Cameron Fox
Health Innovation Lead, Shaping the Future of Health and Healthcare, World Economic Forum
Have you ever heard of Aarskog Syndrome? How about Abetalipoproteinemia? Probably not. As with all rare diseases, they occur in less than 0.05% of the world population.
If we add up the total prevalence for all rare diseases, a very different picture emerges. Globally, an estimated 400-475 million people live with a rare disease, most of whom will never be diagnosed.
This lack of attention brings with it a range of unique challenges that deeply impact the lives of millions of patients across the world.
Unique challenges
For people living with rare diseases, the first hurdle is finding a proper diagnosis. There are over 7,000 rare diseases recognised, so the odds a doctor has seen a particular set of symptoms are slim.
Moreover, health data is often siloed, which can prevent medical professionals from accessing the information they need in time. Because of this, diagnoses take seven years on average in the United States and much longer in less developed nations.
Unfortunately, identifying the problem is only the start. Just as diagnosis is difficult, so is treatment, as there is little monetary incentive for developing drugs for such a small patient pool. As a result, more than 95% of rare diseases do not have an available treatment.
Since an estimated 50-75% of rare diseases begin in childhood, this lack of treatment options is a key driver of mortality among children. In fact, one-third of children with a rare disease die before their fifth birthday.
Rare diseases put a huge burden on health systems – according to one estimate, rare disease treatment made up 10% of the UK’s NHS total spending in 2016. In addition, individuals living with rare diseases often face stigmatisation due to the public’s lack of understanding, and this marginalisation is a key driver of growing health inequities globally.

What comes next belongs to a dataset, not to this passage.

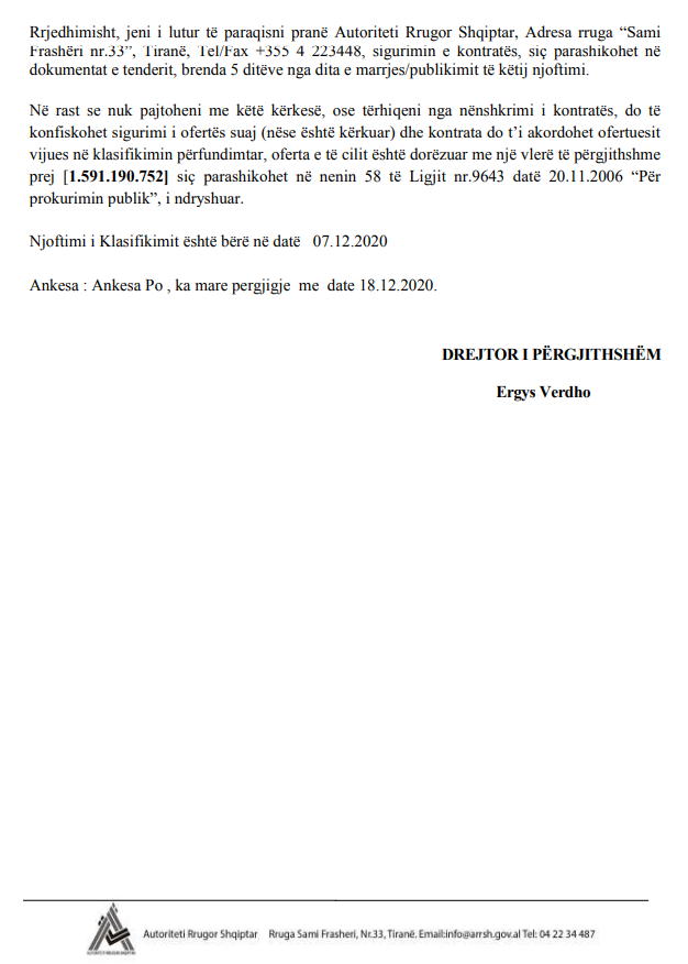 Dokumenti i mësipërm është hapja e procedurës tenderuese për “ndërtim rruge Palasë-Dhërmi”. Siç lexohet, bëhet fjalë për një procedure të hapur nga Autoriteti Rrugor Shqiptar, me një fond prej 311.884.255 lekë, teksa paratë do t’i jepen afrofe firmës “Gjikuria”.

More than 95% of rare diseases do not have an available treatment.
Positive advances
Collaborative research networks are improving data and resource sharing, and development of common standards and protocols is reducing the average time to a diagnosis. Advances in genomics and precision medicine are enabling researchers to better understand the underlying causes of many rare diseases and to develop targeted therapies.

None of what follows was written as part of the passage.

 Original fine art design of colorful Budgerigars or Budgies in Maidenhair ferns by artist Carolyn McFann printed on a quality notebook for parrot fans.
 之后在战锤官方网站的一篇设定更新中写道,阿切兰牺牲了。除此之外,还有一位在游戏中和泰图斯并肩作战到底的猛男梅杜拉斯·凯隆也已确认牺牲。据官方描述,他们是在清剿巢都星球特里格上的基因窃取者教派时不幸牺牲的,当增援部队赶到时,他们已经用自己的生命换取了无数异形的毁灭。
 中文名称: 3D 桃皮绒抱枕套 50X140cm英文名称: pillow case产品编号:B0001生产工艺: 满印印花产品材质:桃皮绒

Notable efforts are also being made when it comes to financing rare disease treatment. Research on ‘orphan drugs’ — which would not be profitable to produce without government assistance — are now subsidised in jurisdictions including the US, EU and Japan. Work is also ongoing to understand how novel gene therapies can be delivered to people everywhere at affordable prices.

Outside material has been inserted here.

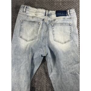 Flying Monkey High Rise Blue White Flare Stretch Jeans Women's 34 18 Festival XL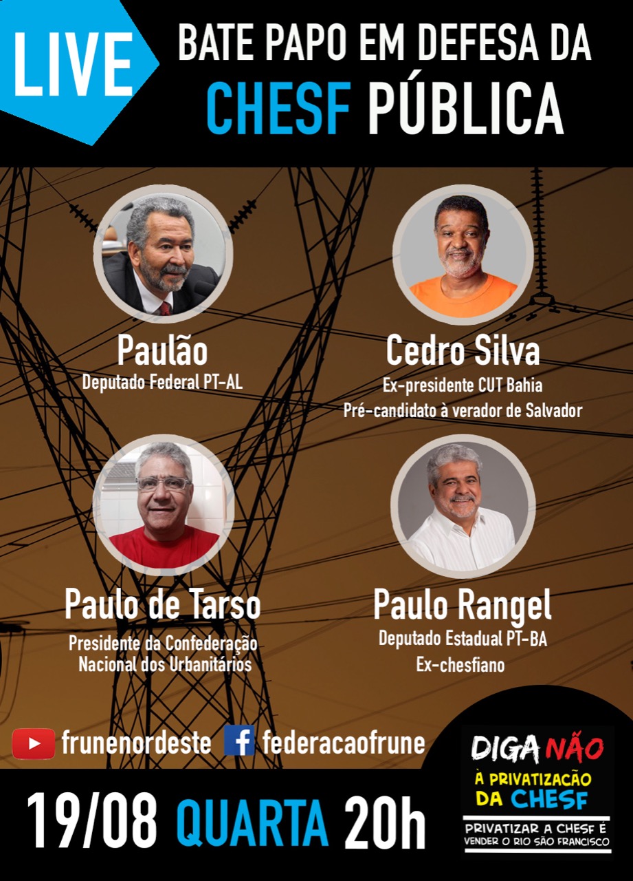 A Fune está realizando uma série de Lives para ajudar na luta contra a privatização da Eletrobras/Chesf. Nesta semana, o “Bate papo em defesa da Chesf pública” vai ter a participação do presidente da CNU e diretor do Sinergia, Paulo de Tarso, Cedro Silva, ex presidente da CUT Ba e os deputados Paulo Rangel, da Bahia, e Paulão, de Alagoas.

Patient advocates are increasingly making their voices heard — both as participants in clinical trials and as partners in the research process — helping highlight and counter stigmatisation and other pressing challenges people living with rare diseases face. While this progress is encouraging, much remains to be done. Improving our understanding and the way we support those living with rare diseases are crucial to countering health inequity and improving the lives of millions across the world.